Bir eleştirmen değilim ve bu ilk yeltenişim. Gönül isterdi ki, uzun ve verimli kariyeri inişli çıkışlı olan bu yazarın bir çıkış anına denk geleyim. Kingdom Hospital için bunu söylemek zor. Yine de Riget’i izlememiş olanlar için vakit geçirici bir seyirlik olabilir. Riget tutkunları ise hiç ilişmesinler kanaatindeyim.
İnal Pisoday
Stand By Me (1986)
Stephen King’in 1982’de basılan Different Seasons isimli kısa roman toplamalarından birinde yer alan The Body (Ceset), bizde Rage isimli bir başka romanla (Richard Bachman mahlasıyla 1977’de yayımlanmış) birlikte basılmıştı. İkisi de çocukluk üzerine olduklarından, aslında iyi bir eşleme. Bir taraftan çocuk karakterlerin bakış açılarını, diyaloglarını muhteşem bir biçimde aktardığından kendi çocukluğunuza dönerken, diğer taraftan çocuk dünyasının dehşetini, ölüm algısını, acımasızlığını da gösterirler. Hiddet sinemaya uyarlanmadı ama Pearl Jam’in harika şarkısı “Jeremy”nin kült video klibine ilham verdi. Daha sonra Amerika’da okul basan ya da sınıfını rehin alan öğrenciler furyası başlayınca Gus Van Sant da Elephant filminde aynı konuyu işledi. Ama bu bizi ilgilendirmesin şimdi. The Body sinemaya aktarılırken Stand By Me adını aldı. Filmin esas müziği Ben E. King’in 1961 tarihli “Stand By Me” şarkısı, o yıllarda yeniden aşırı bir ilgi görmüştü, hatırlarım. 12 yaşında 4 çocuğun, yaşadıkları kasaba civarında kaybolmuş bir çocuğun cesedini bulmak için evi terk edip yola düşmelerinin hikâyesini anlatıyor film. Bir taraftan da kendilerini, birbirlerini tanımalarını ve birlikte kalmayı öğrenmelerini. Bu anlamda filmin adının değişmesi anlaşılabilir. Stephen King’in okuduğum tüm kitapları arasında en nahif olanı. Ve çocukluk, masumiyet gibi anahtar kelimeleri var.
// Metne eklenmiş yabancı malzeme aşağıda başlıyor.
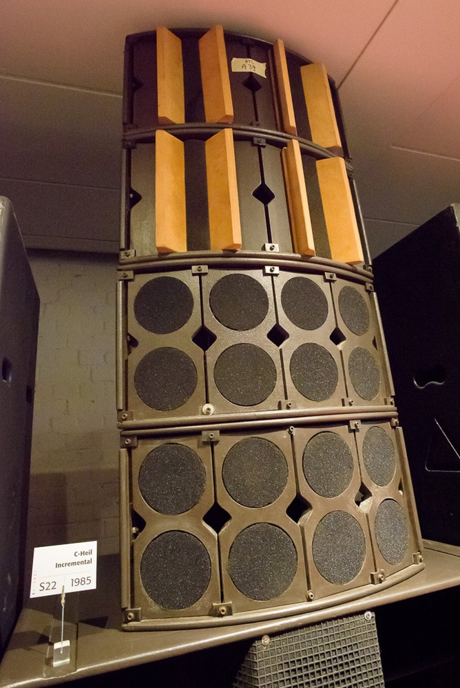 Die ausgestellten Lautsprecher im AV- und Veranstaltungstechnikmuseum der AED Group zeigt für den Zeitraum von 1982-1988 einige der spannendsten Lautsprecherentwicklungen: Eine davon sollte die professionelle Beschallungstechnik extrem beeinflussen!
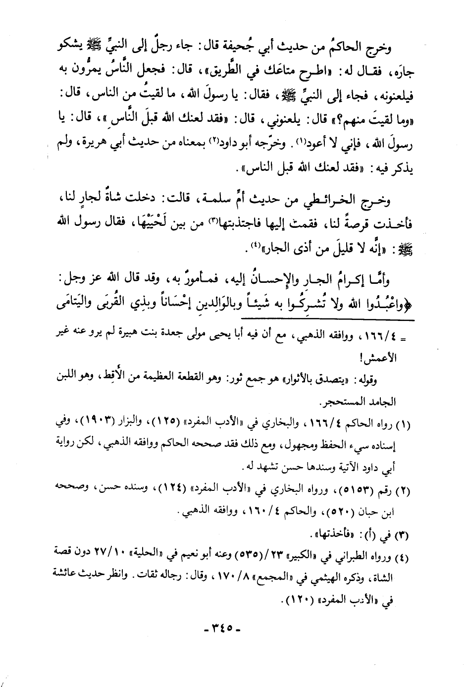فَأَمَّا إِكْرَامُ الْجَارِ وَالْإِحْسَانُ إِلَيْهِ، فَمَأْمُورٌ بِهِ، وَقَدْ قَالَ اللَّهُ عَزَّ وَجَلَّ {وَاعْبُدُوا اللَّهَ وَلَا تُشْرِكُوا بِهِ شَيْئًا وَبِالْوَالِدَيْنِ إِحْسَانًا وَبِذِي الْقُرْبَى وَالْيَتَامَى
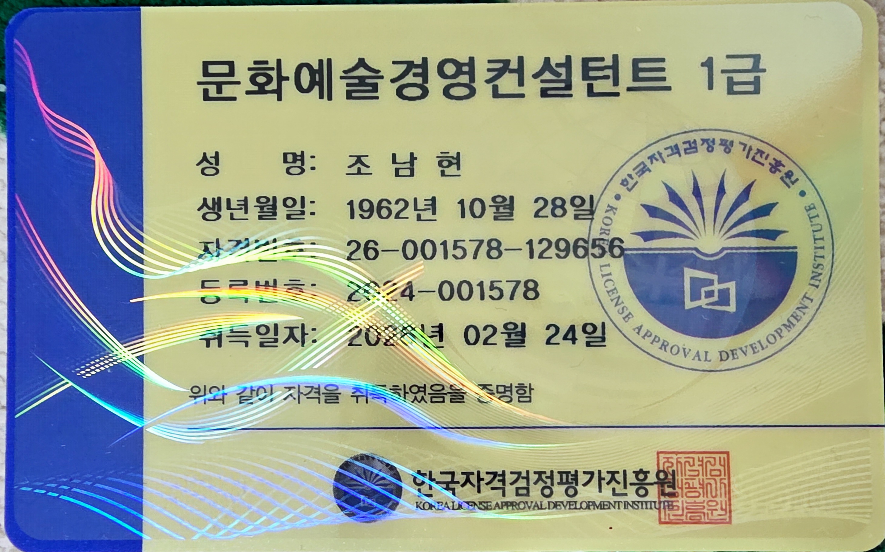 너무 기쁩니다 문화예술경영컨설런트1급 자격증합격은 사회로 나아가는 나에겐 큰 힘이 되고 자신감에 뿌득합니다 여러분도 도전하세요 늦었다고 생각할때가 가장 빠르 답니다

Ceset’in Benimle Kal’a dönüşmesi makul. Size bunları yazarken fark ettiğim üzere, en sevdiğim iki Stephen King romanının en sevdiğim iki sinema uyarlamasını da aynı yönetmen çekmiş, Rob Reiner. Bu iki filmi çok beğenmiş olmamın esas sebebi ise kitaba uygunlukları. Reiner bu ilk Stephen King uyarlamasında da kurguyu yazara bırakırken yine oyuncularının performanslarıyla fark yaratıyor. Yeteneği ile büyük bir potansiyel sahibi River Phoenix’i 23 yaşında kaybetmiştik. İkinci sinema filmi The Body. Diğer çocuk karakterler hepsinin isimlerine de simalarına da aşina olduğunuz Wil Wheaton, Corey Feldman ve Jerry O’Connell. Az çok kariyer yaptılar. Ve hepsinin başlangıcında bu film var. İzlerken bu çocukların rollerini yapmaya çalışırken gerçekten arkadaşlığın ne demek olduğunu öğrendiklerini, arkadaş olduklarını anlıyorsunuz. Çok iyi bir uyum yakalanmış. Yan rollerdeki Kiefer Sutherland, Bill Corby, Richard Dreyfuss ve John Cusack gibi isimler de filmin oyunculuk kalitesi üzerine daha fazla fikir verecektir.